Simply Wall St ·  Aug 22 19:14

The external fund manager backed by Berkshire Hathaway's Charlie Munger, Li Lu, makes no bones about it when he says 'The biggest investment risk is not the volatility of prices, but whether you will suffer a permanent loss of capital.' So it seems the smart money knows that debt - which is usually involved in bankruptcies - is a very important factor, when you assess how risky a company is. Importantly, Shanghai Datun Energy Resources Co., Ltd. (SHSE:600508) does carry debt. But the more important question is: how much risk is that debt creating?

When Is Debt Dangerous?

Generally speaking, debt only becomes a real problem when a company can't easily pay it off, either by raising capital or with its own cash flow.
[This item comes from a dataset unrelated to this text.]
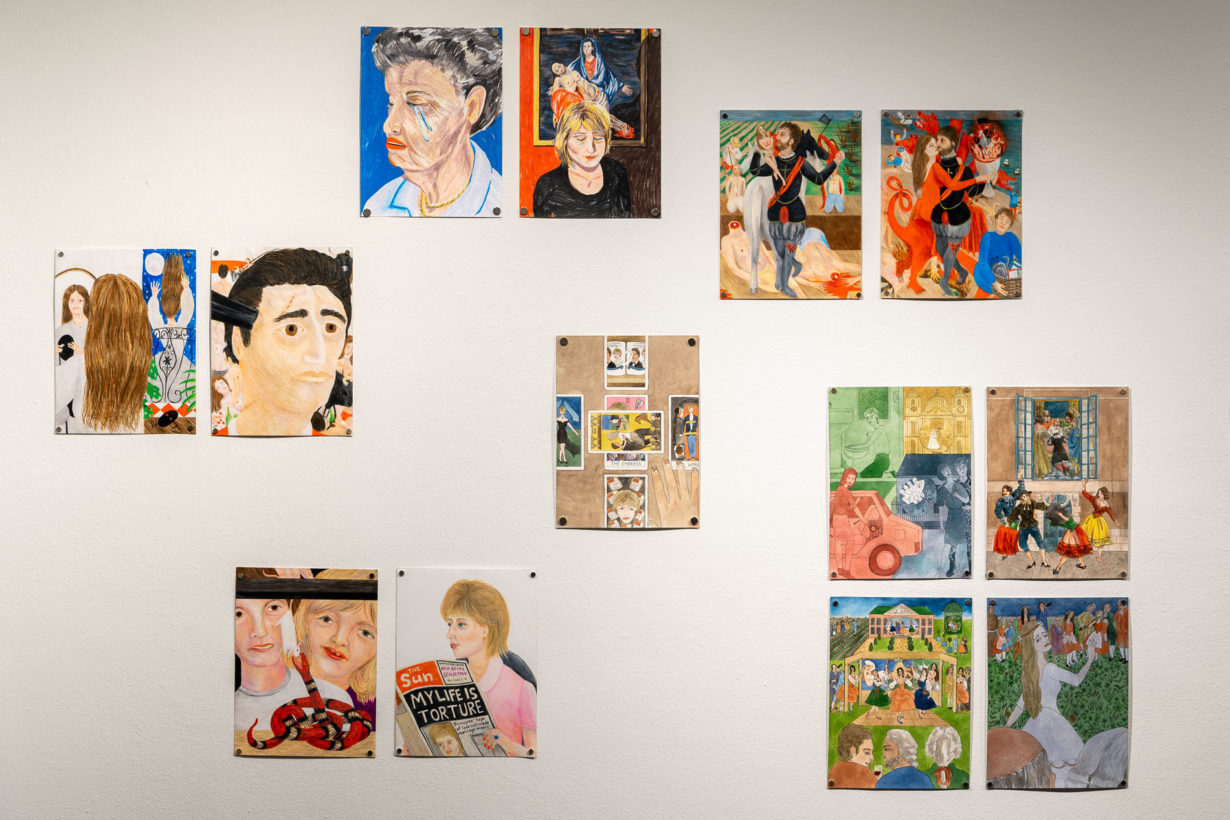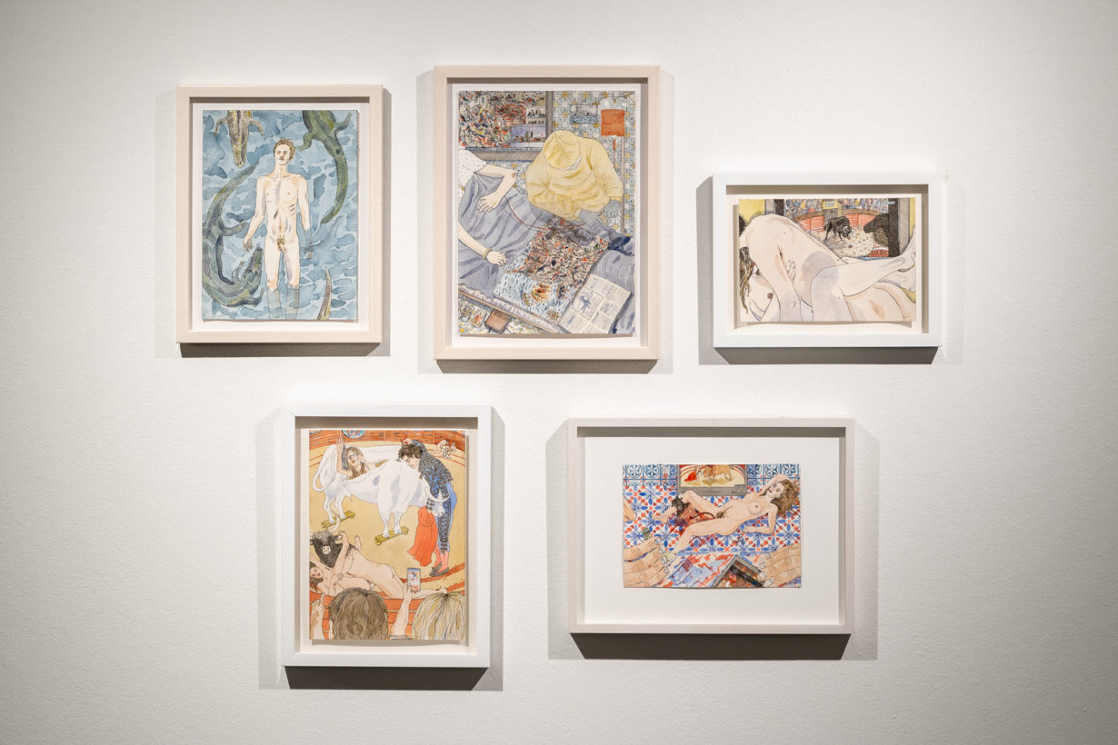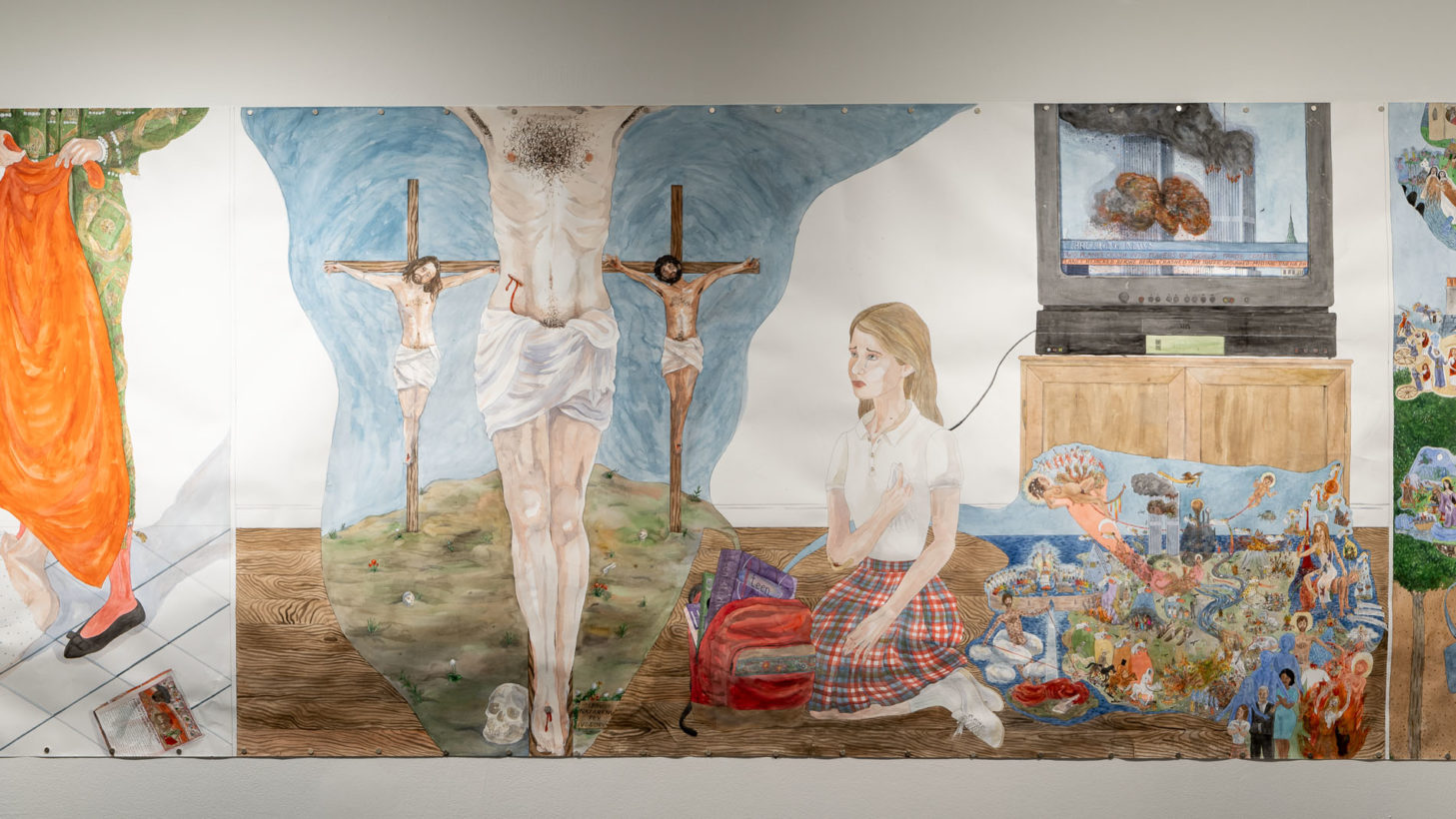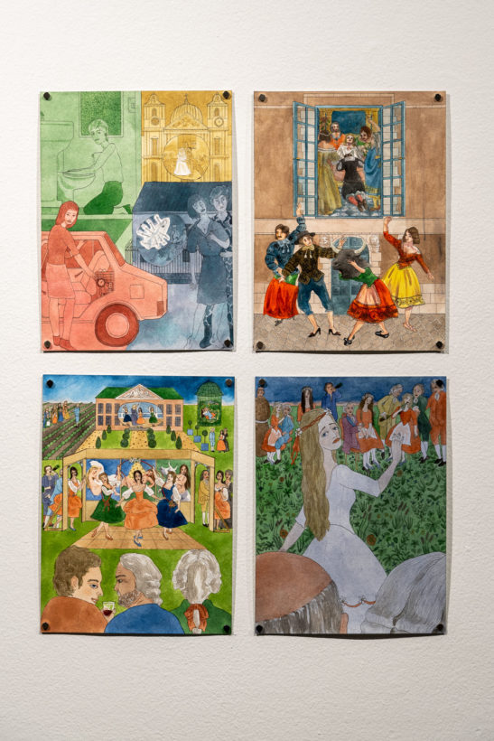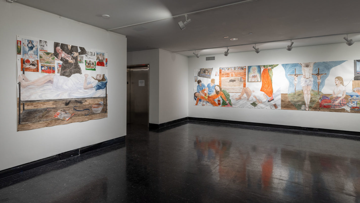 In Carnage, Jennifer May Reiland creates a personal pantheon of secular and religious saints and martyrs, ranging from Princess Diana to bullfighter Juan Belmonte to Maria of Agreda, a Spanish nun whose body was said to be seen floating over Texas in the early days of the Spanish conquest. In works on paper and wood, Reiland draws from medieval European imagery and the tradition of Mexican devotional painting to examine female guilt, martyrdom, and violence against women. These works weave together the stories of many women, historical and imagined. From medieval saints like Saint Catherine and Saint Agatha to historical martyrs like Marie Antoinette and Juana la Loca to modern celebrity martyrs like Marilyn Monroe and Princess Diana, these women’s bodies are sexualized, idolized, then ritually picked apart by the mob. Reiland combines the known facts of their lives with dreams, associations, and fantasies about them, attempting to fill in the holes where the truth is unknowable.

In the worst case scenario, a company can go bankrupt if it cannot pay its creditors. While that is not too common, we often do see indebted companies permanently diluting shareholders because lenders force them to raise capital at a distressed price. Having said that, the most common situation is where a company manages its debt reasonably well - and to its own advantage. The first step when considering a company's debt levels is to consider its cash and debt together.

How Much Debt Does Shanghai Datun Energy Resources Carry?

You can click the graphic below for the historical numbers, but it shows that as of March 2024 Shanghai Datun Energy Resources had CN¥1.40b of debt, an increase on CN¥1.11b, over one year. However, it does have CN¥3.01b in cash offsetting this, leading to net cash of CN¥1.61b.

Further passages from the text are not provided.